* Task
The answer is the exact run of lines in the listing below from the line containing "Radiomobile – Mapka" up to and including the line containing "Hovering Over Bull", with pictures removed.

* Task data
• • • • •

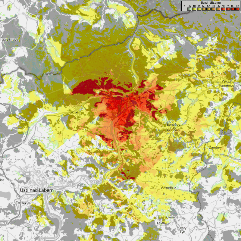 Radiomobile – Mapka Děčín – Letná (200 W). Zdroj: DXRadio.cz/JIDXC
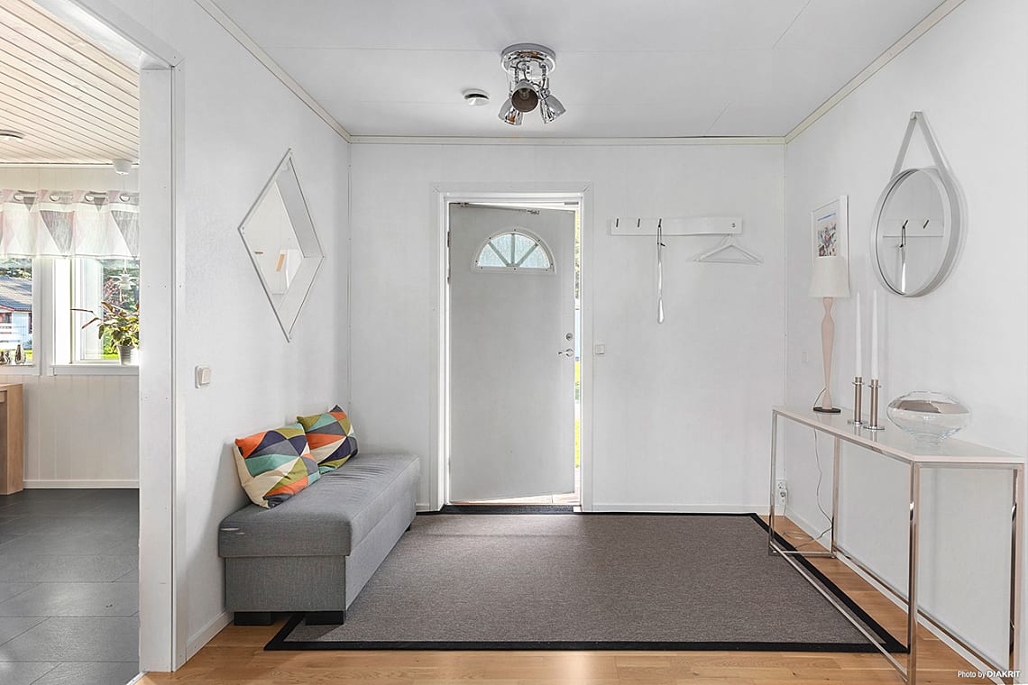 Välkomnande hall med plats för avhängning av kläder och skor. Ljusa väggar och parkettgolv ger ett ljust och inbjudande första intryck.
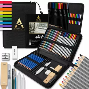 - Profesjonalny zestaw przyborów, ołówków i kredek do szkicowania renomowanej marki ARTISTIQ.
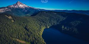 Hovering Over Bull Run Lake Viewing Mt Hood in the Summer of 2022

• • • • •

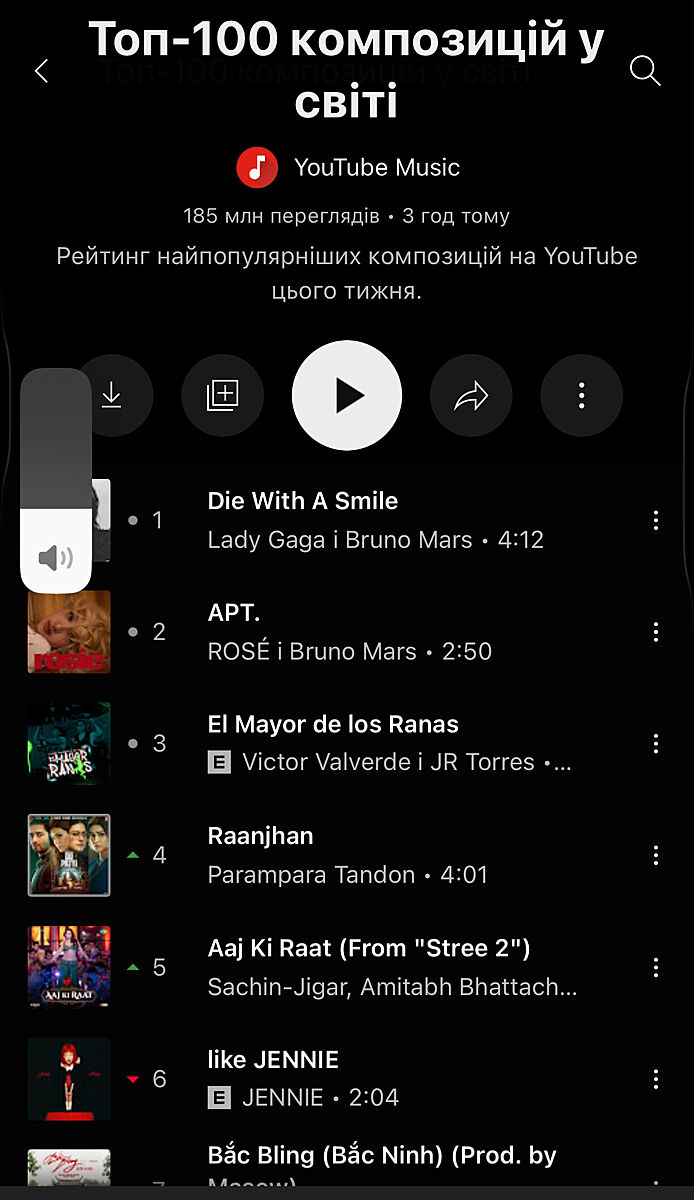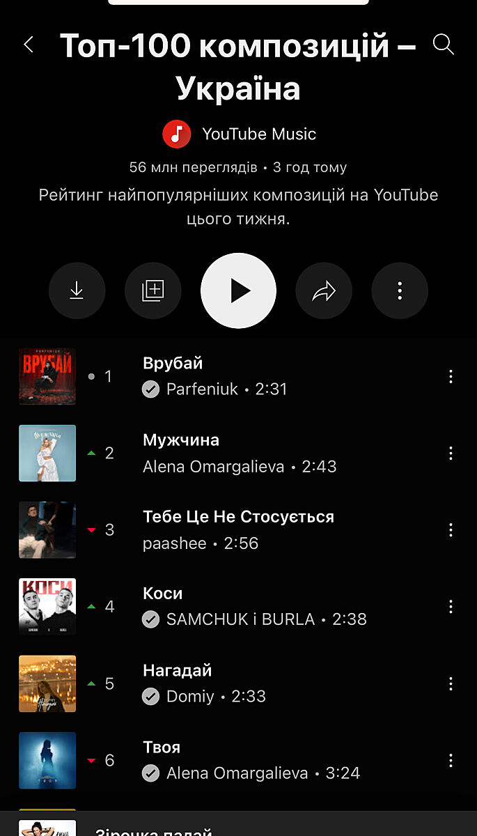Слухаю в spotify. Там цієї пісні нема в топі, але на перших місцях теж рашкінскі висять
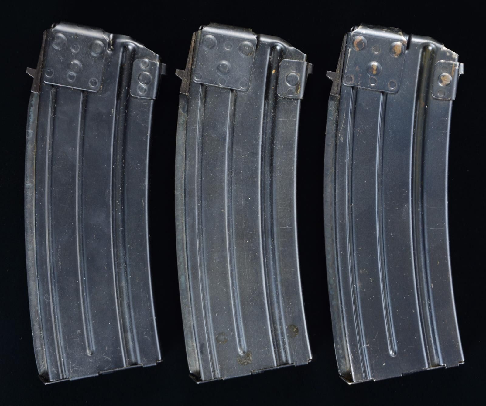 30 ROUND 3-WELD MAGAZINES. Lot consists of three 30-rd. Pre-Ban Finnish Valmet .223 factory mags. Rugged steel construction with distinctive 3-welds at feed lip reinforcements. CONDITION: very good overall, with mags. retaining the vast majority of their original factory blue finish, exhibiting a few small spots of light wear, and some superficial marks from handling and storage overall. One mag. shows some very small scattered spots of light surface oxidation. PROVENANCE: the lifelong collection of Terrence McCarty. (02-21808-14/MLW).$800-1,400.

• • • • •

* The answer
 Radiomobile – Mapka Děčín – Letná (200 W). Zdroj: DXRadio.cz/JIDXC
 Välkomnande hall med plats för avhängning av kläder och skor. Ljusa väggar och parkettgolv ger ett ljust och inbjudande första intryck.
 - Profesjonalny zestaw przyborów, ołówków i kredek do szkicowania renomowanej marki ARTISTIQ.
 Hovering Over Bull Run Lake Viewing Mt Hood in the Summer of 2022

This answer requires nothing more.